I looked at Dad. He nodded, and I pushed the red button. It was the first time I had been near a fan when turning it on. From safe behind a metal grill, the gentle breeze ramped up to an authoritative hair-blowing stream, while showing a level of restraint we’d not experienced in a wind machine.
This fan weighed and cost twice as much as the same size box fan would today, but Dad bought it. He liked the power. I liked that it was controlled by a row of colored buttons.
Dad rigged the new fan up in the screen window of the dining room. It wasn’t as powerful as his furnace blower, but it was louder—it sounded like a crop duster taking off in the living room. I still have hearing loss in some decibel ranges from standing in front of the fan talking into it so my words sounded all “choppy.” We used to do that for hours when nothing good was on TV.
(Note: Mom called the space at the end of our living room a “dining room” for ten years in hopes of someday having a dining room table to put there. She had her Duncan Phyfe, of course, but that was in the basement still needing chairs, and her "dream" by then had switched to an Early American set she'd bookmarked in an Ethan Allen catelog. Once Jim grew out of his high chair, the seven of us could no longer fit around the Formica kitchen table with the chrome legs and matching chairs [that had shiny vinyl seat pads with splits in them and torn corners that scratched our bare legs]. It was then that Mom finally got her maple dining room set. She was thrilled, and we were happy for her, but I was older and recall less about the day the table and chairs arrived than I do of the night we brought home the new fan.)

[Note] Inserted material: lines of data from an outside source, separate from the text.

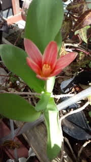 我が家のプランターに小さな・小さなチューリップを見つけました。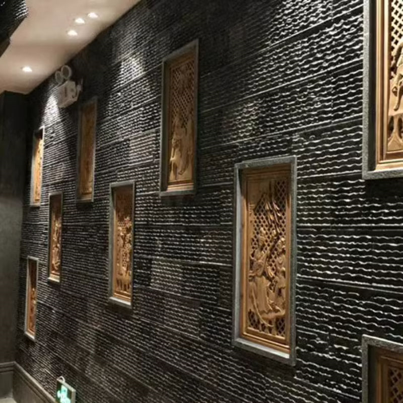 室内空间里,黑色蘑菇石是打造个性氛围的点睛之笔。客厅的电视背景墙用黑色蘑菇石错缝铺贴,搭配浅灰色布艺沙发与暖光射灯,石面的阴影在灯光下形成流动的纹路,仿佛将室外的山林气息引入室内;茶室的墙面局部镶嵌黑色蘑菇石,与原木茶桌、粗陶茶具相映,玄黑的石质衬托出茶汤的琥珀色,营造出 “茶禅一味” 的宁静氛围。卫生间的淋浴区墙面采用黑色蘑菇石,其防滑的表面与耐水特性完美适配潮湿环境,搭配白色洁具与绿植,黑白对比中透着自然的生机。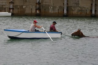 paarden mee uit zwemmen... Dat is weer eens wat anders als de hond uitlaten Hier zou ik nog wel een huisje willen kopen. Alleen is het wat te ver voor een weekendje weg.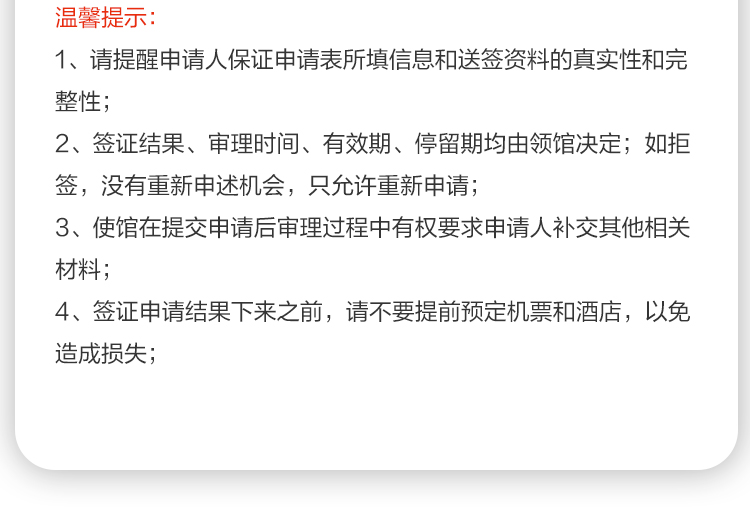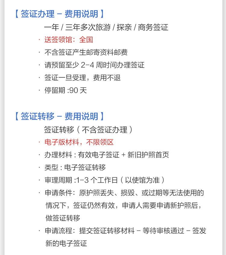 2. 签证一旦受理,费用不可退还。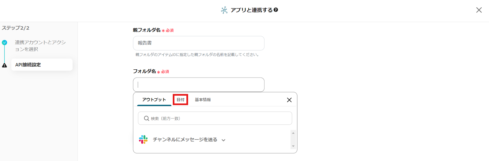 Slackの特定のチャンネルにメッセージを投稿することでフォルダ作成も可能です。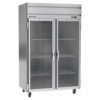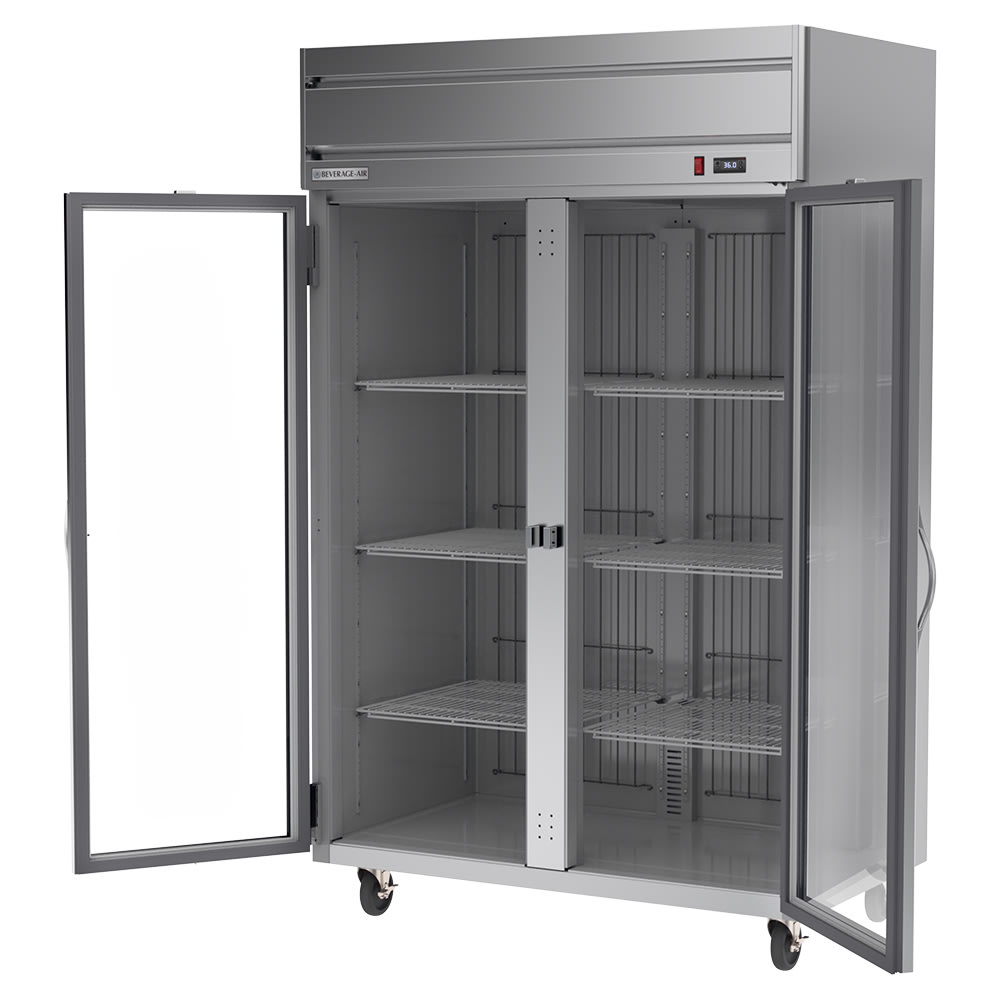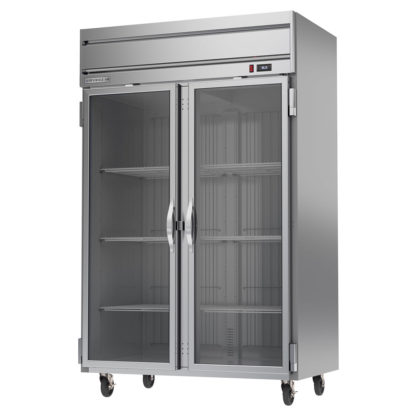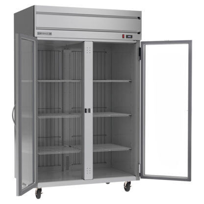 Horizon Series Refrigerator, reach-in, two-section, 52″W, 85″H, 46.88 cu. ft. capacity, (1) right-hand hinged glass door, (1) left-hand hinged glass door, (6) shelves, electronic control, LED interior lighting, digital display, stainless steel front, gray painted sides, aluminum interior, top-mounted self-contained refrigeration, R290 Hydrocarbon refrigerant, Variable Speed Technology, cULus, UL EPH Classified, UL-Sanitation, Made in USA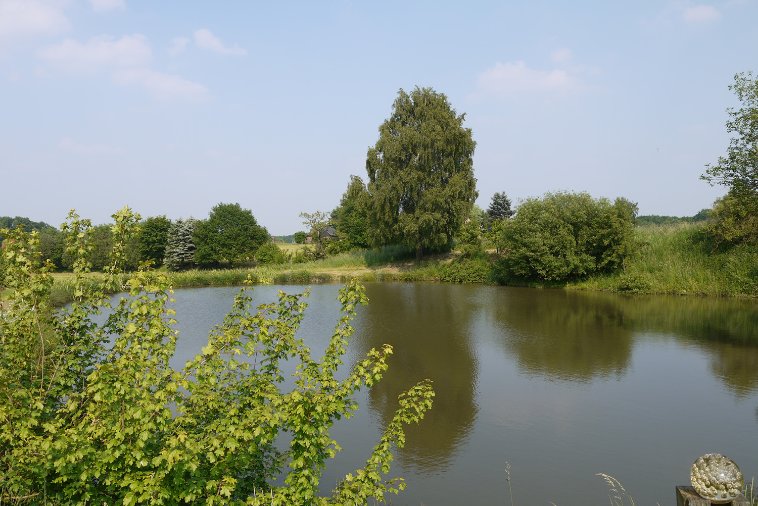 Hier lässt sich der Eisvogel regelmäßig blicken: an dem Fischteich von dem Ehepaar Lösenbeck in Werther-Theenhausen. Der kleine Glücksbringer saß dem Hausherrn sogar schon auf der Angel, um nach Beute im Wasser Ausschau zu halten. Doch zum Brüten mangelte es bislang an einer geeigneten Steilwand. | |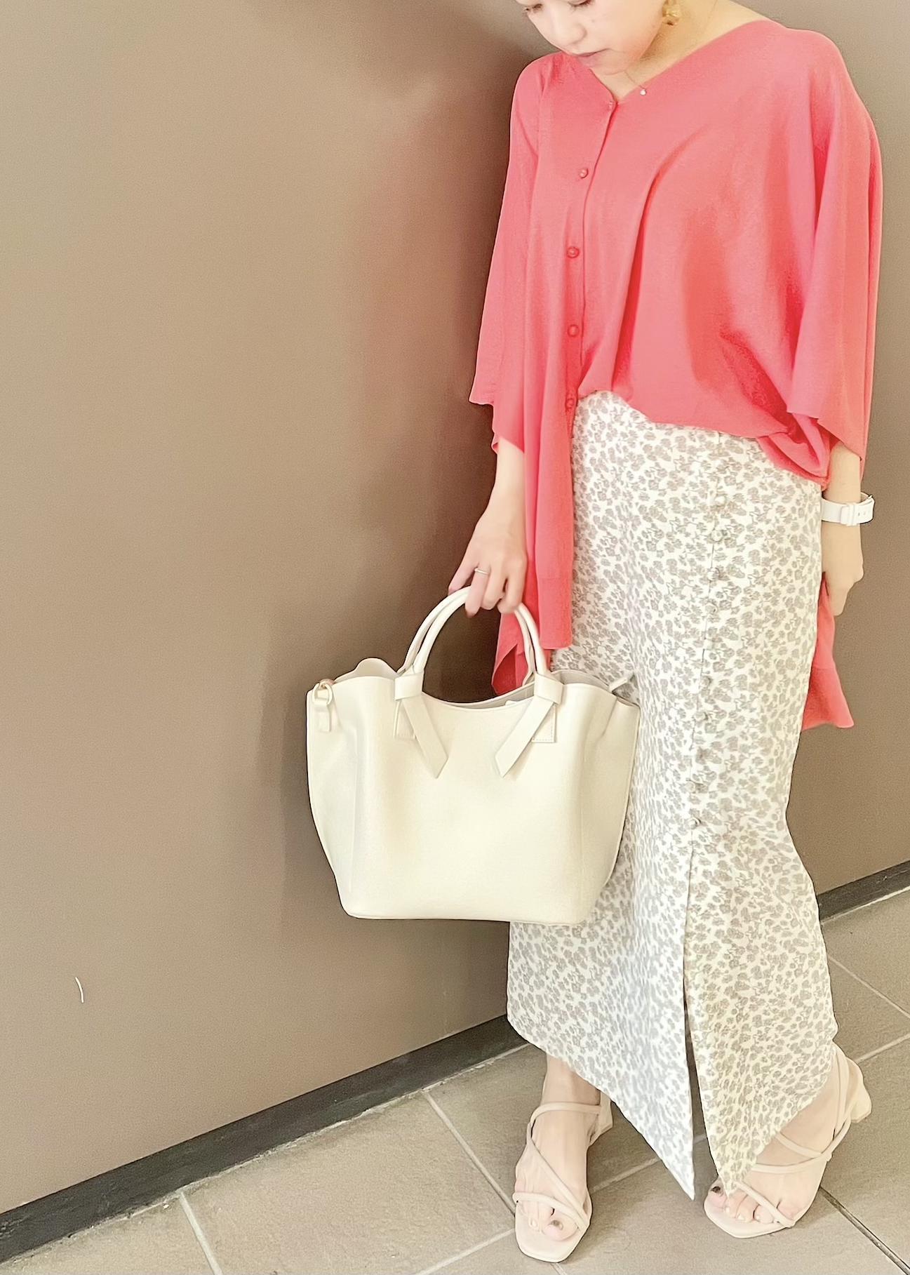 カラーカーディガンとIラインスカートで女性らしいシルエットでも存在感のあるコーディネートにしました。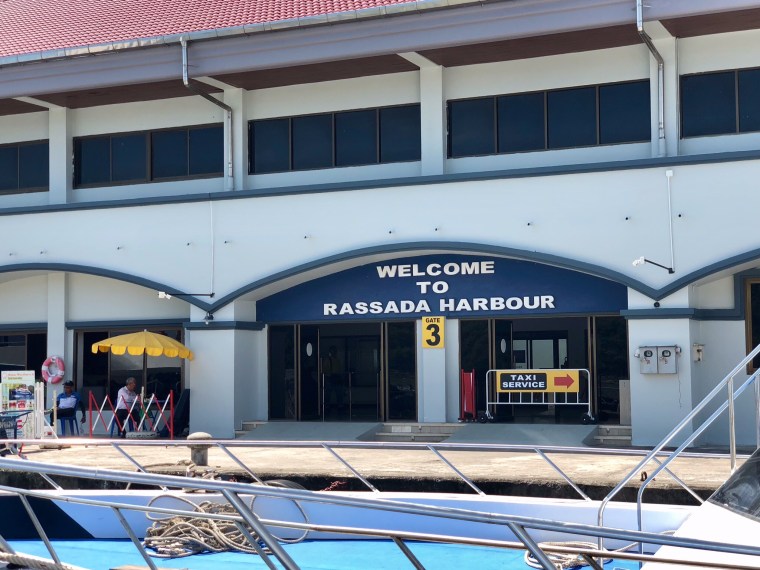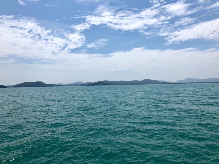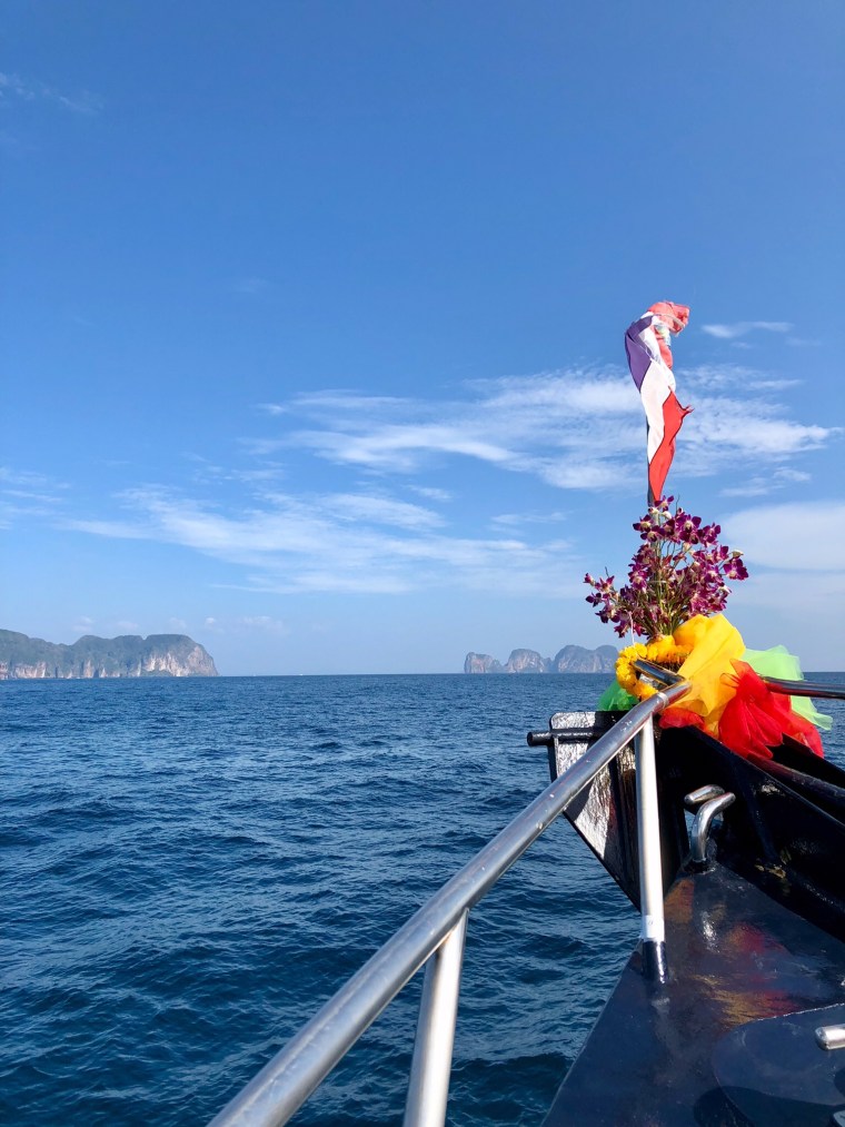 The pier was an absolute madhouse. To get to Koh Phi Phi you have to take a ferry. These are people only ferries and it was big. Four levels from what I could tell. I choose our seats and the guy working on the ferry suggested the other side for a better view. Sounded good so I moved. I looked for a clean window and settled in. The guy then suggested another seat as there was a cement wall and porthole opening outside our window but I said I was good figuring the cement wall, and porthole would disappear once we started moving. I have no idea what I was thinking. Doug also had no idea what I was thinking as the cement wall was attached to the ferry. LOL.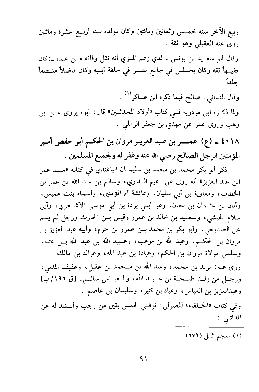 4018 - (ع) عمر بن عبد العزيز مروان بن الحكم أبو حفص أمير المؤمنين الرجل الصالح رضي الله عنه وغفر له ولجميع المسلمين.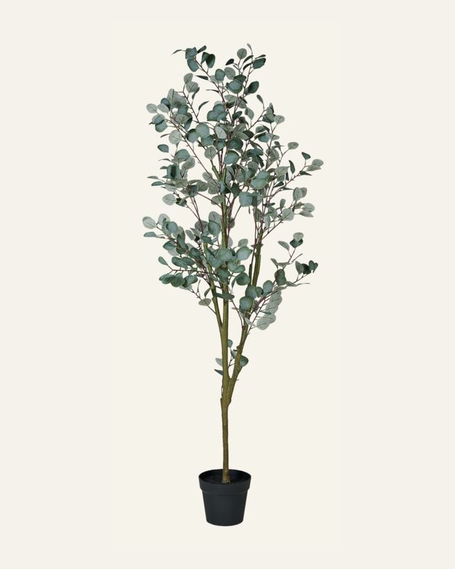 Ett konstgjort eukalyptusträd med naturtrogna, ständigt gröna blad som ger en fräsch känsla till inredningen. Passar i både hem och offentliga miljöer och kräver ingen skötsel, vilket gör det enkelt att skapa en harmonisk atmosfär.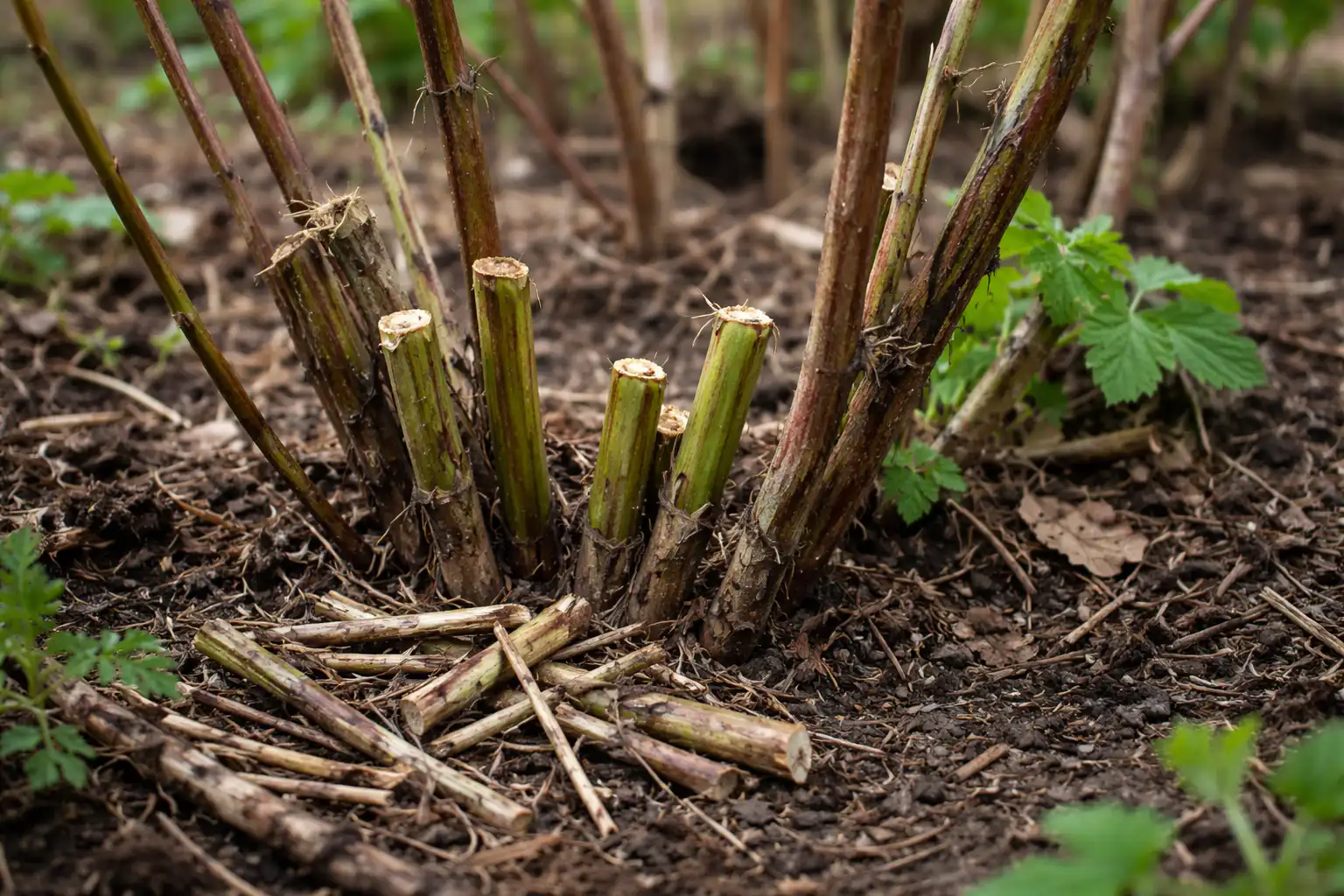 – Elimine todas las ramas que dieron fruto el año pasado (en el caso de las frambuesas corrientes). – Corta los brotes con signos evidentes de enfermedad y daños mecánicos. – Aclare el arbusto para que haya espacio entre las plantas.

Nowadays, with air conditioning, fans are less essential for survival, but they’re so cheap most households have several for various reasons. I’ve probably bought more than a dozen fans in my married life—not one was demonstrated by a salesman before purchase. When they give out, we just get a new one. Like so many of our low-cost goods in a "throw-away" world, they're cheaper to replace than to fix.
Last weekend was my Grandma’s 95th Birthday. We went over to Port Huron to gather with hundreds of people in the reception hall on the top floor of her apartment complex. The AC went out, and it was a very hot day. My uncle rounded up a dozen fans to circulate the air for more than 250 guests, most of whom were 70 or older. We “younger” folks (in our fifties) had our doubts that it would help. But believe it or not, it worked. The converging breezes were just right, and to most of the people in that room it triggered memories of modern luxury. We even had decorative streamers attached to them, blowing in celebration. I hadn’t seen such fun since I was a kid at E.J.Korvette's.
By the way, that fan we bought that day was a work horse for over twenty years. It's still up in my Mom's attic--works fine.
1 Comments:
I liked to talk into a fan on hot summer days! Just to think today we use fans to kill the noise...nice to have air conditioning!